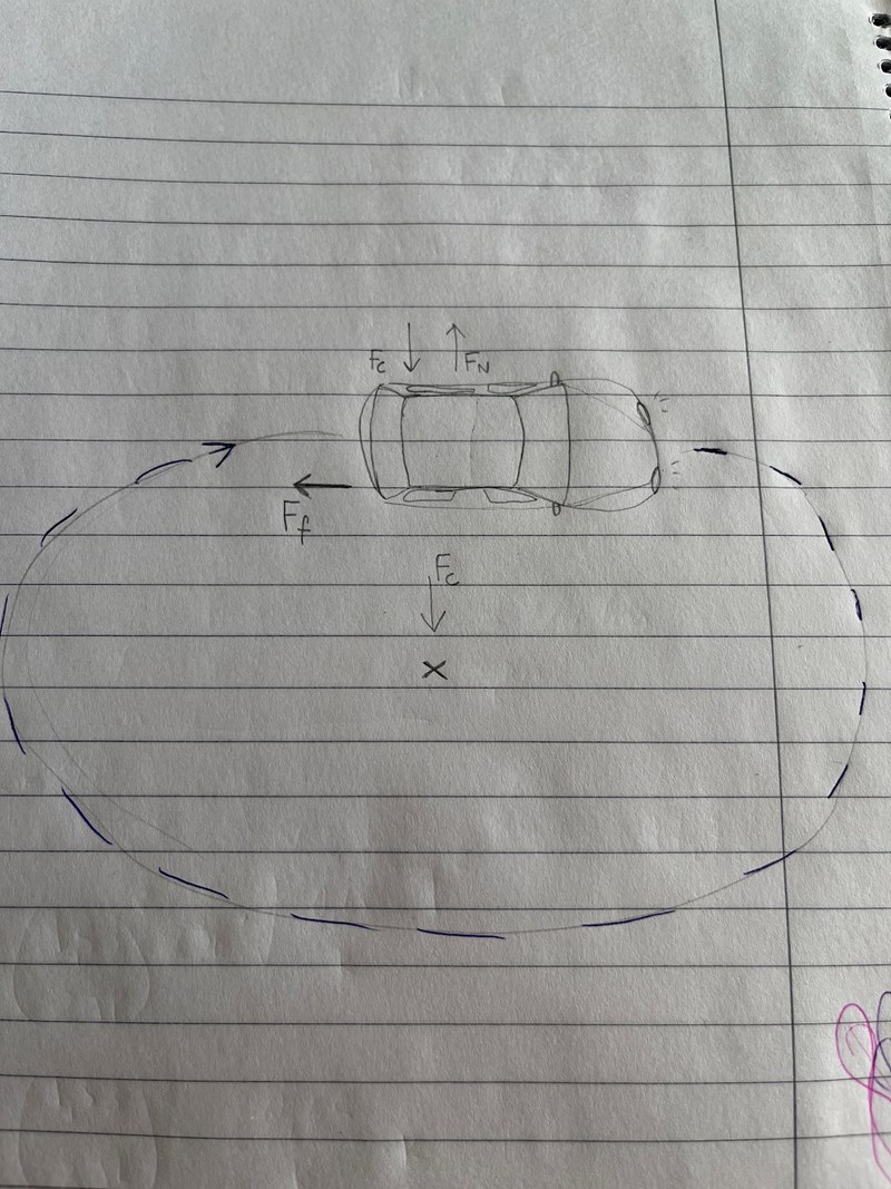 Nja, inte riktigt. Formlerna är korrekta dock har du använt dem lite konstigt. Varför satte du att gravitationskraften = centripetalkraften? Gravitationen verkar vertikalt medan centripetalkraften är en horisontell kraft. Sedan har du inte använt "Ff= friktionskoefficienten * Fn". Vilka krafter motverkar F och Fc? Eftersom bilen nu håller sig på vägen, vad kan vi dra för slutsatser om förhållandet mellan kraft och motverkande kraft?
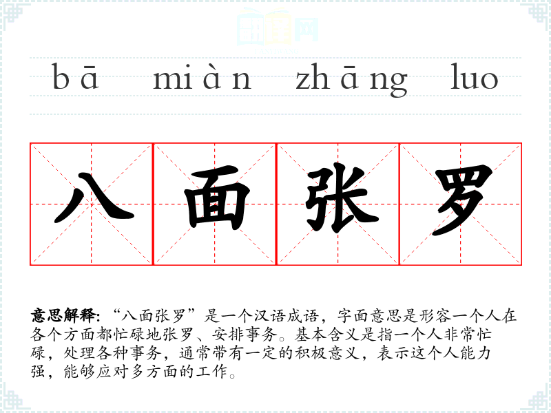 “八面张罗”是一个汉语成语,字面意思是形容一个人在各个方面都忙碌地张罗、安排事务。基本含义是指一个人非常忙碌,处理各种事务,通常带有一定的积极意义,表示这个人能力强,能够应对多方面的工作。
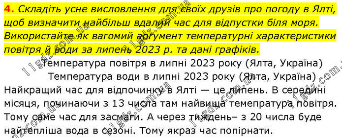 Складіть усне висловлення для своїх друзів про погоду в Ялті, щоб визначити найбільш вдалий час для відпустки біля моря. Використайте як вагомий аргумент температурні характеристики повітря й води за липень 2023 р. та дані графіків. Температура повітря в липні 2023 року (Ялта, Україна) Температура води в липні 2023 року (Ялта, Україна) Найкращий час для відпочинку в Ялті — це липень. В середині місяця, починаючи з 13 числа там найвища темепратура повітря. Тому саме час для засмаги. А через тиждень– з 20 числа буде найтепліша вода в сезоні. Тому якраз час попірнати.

◆ **EXERCISE BRIEF**
The whole listing must be transcribed exactly. No pictures belong in the copy.

◆ **FINISHED EXERCISE**
 Nja, inte riktigt. Formlerna är korrekta dock har du använt dem lite konstigt. Varför satte du att gravitationskraften = centripetalkraften? Gravitationen verkar vertikalt medan centripetalkraften är en horisontell kraft. Sedan har du inte använt "Ff= friktionskoefficienten * Fn". Vilka krafter motverkar F och Fc? Eftersom bilen nu håller sig på vägen, vad kan vi dra för slutsatser om förhållandet mellan kraft och motverkande kraft?
 “八面张罗”是一个汉语成语,字面意思是形容一个人在各个方面都忙碌地张罗、安排事务。基本含义是指一个人非常忙碌,处理各种事务,通常带有一定的积极意义,表示这个人能力强,能够应对多方面的工作。
 Складіть усне висловлення для своїх друзів про погоду в Ялті, щоб визначити найбільш вдалий час для відпустки біля моря. Використайте як вагомий аргумент температурні характеристики повітря й води за липень 2023 р. та дані графіків. Температура повітря в липні 2023 року (Ялта, Україна) Температура води в липні 2023 року (Ялта, Україна) Найкращий час для відпочинку в Ялті — це липень. В середині місяця, починаючи з 13 числа там найвища темепратура повітря. Тому саме час для засмаги. А через тиждень– з 20 числа буде найтепліша вода в сезоні. Тому якраз час попірнати.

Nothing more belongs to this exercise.